Guscott has reclaimed the England number 12 jersey for tomorrow's Twickenham showdown, and has been handed a golden opportunity to make it third time lucky against the tournament favourites.
There are few missing pieces in 34-year-old Guscott's sizeable rugby jigsaw, but an England victory over the All Blacks is one of the more glaring. His two previous attempts both ended in failure - the 1991 World Cup opener and four years later at Newlands, Cape Town when Jonah Lomu ran England ragged during a hopelessly one-sided semi-final.
Despite England tackling New Zealand for the fifth time since coach Clive Woodward took charge barely two years ago, injury and a 1998 summer tour breather mean that tomorrow represents Guscott's first chance to avenge that Lomu-inspired rout.
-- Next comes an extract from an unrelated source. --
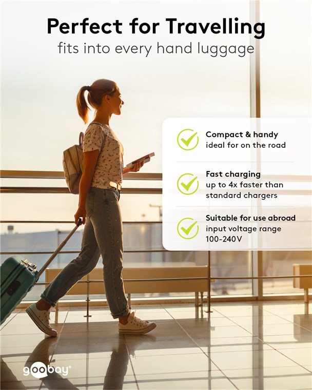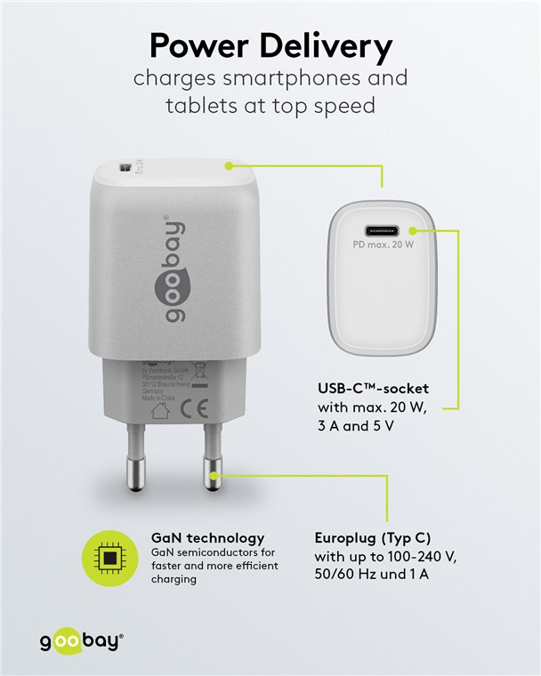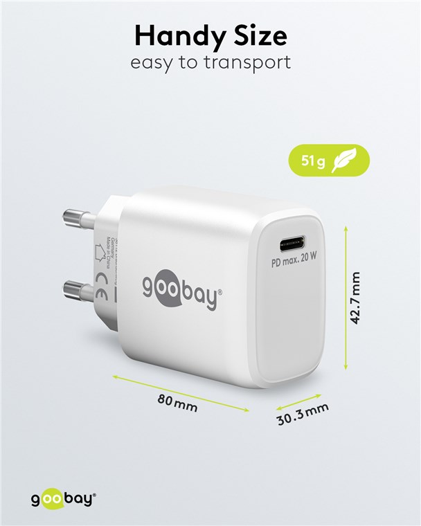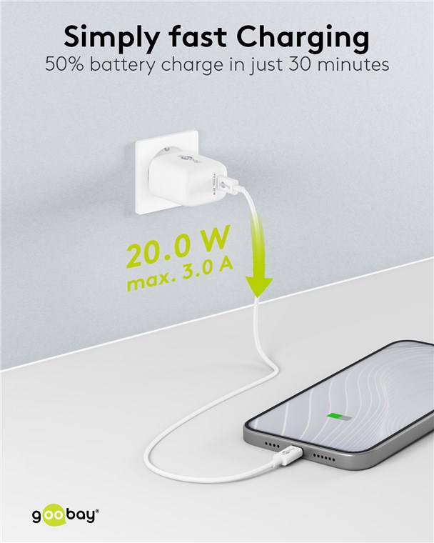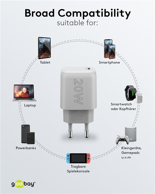 S výkonem 20 W je nabíjecí adaptér speciálně přizpůsoben pro malá zařízení, jako jsou smartphony, Bluetooth sluchátka, tablety nebo powerbanky.

Both players will be back for more this weekend, an eagerly-awaited Pool B encounter that should see the winners avoid a daunting quarterfinal against world champions South Africa in Paris on October 24th. The Bath centre, a substitute against Italy last weekend, swapped places with his fellow British Lion Will Greenwood as Woodward's solitary starting line-up change.
And such is Guscott's enthusiasm for the sell-out 70,000 clash that anyone would think he's making an England debut all over again, not winning his 64th cap 10 years after it all started.
"You cannot help but get excited about playing against the All Blacks, especially in an awesome competition like the World Cup," he said. England coach Clive Woodward was in no mood yesterday to involve himself with the inevitable prematch hype about World Cup 99's biggest confrontation so far.
"You can get carried away with it all," claimed the coach. "All the ballyhoo behind the scenes is irrelevant - it's 15 players against 15 from 4.30 on Saturday that counts."
Woodward reported that Greenwood, who limped off nursing a hamstring twinge against the Italians, is currently "99 per cent fit" but would be replaced by Bath's Mike Catt on the substitutes' bench if a late change was deemed necessary.
Greenwood apart, Woodward has made one other bench alteration, calling up Tim Rodber and temporarily abandoning his policy of having an entire front-row in reserve.
Northampton lock Rodber, out of favour and then injured during England's four-game World Cup warmup period, won't lack motivation, given Danny Grewcock's emergence. Leicester prop Graham Rowntree drops out from the 22.
While England are working themselves up into a frenzy over tomorrow's World Cup Group B match against New Zealand at Twickenham, New Zealand coach John Hart is dampening down expectations.
"Saturday is not a final, it's a qualifying game," said Hart. "And there's a long way to go. You've got to be very careful thinking this game is that big."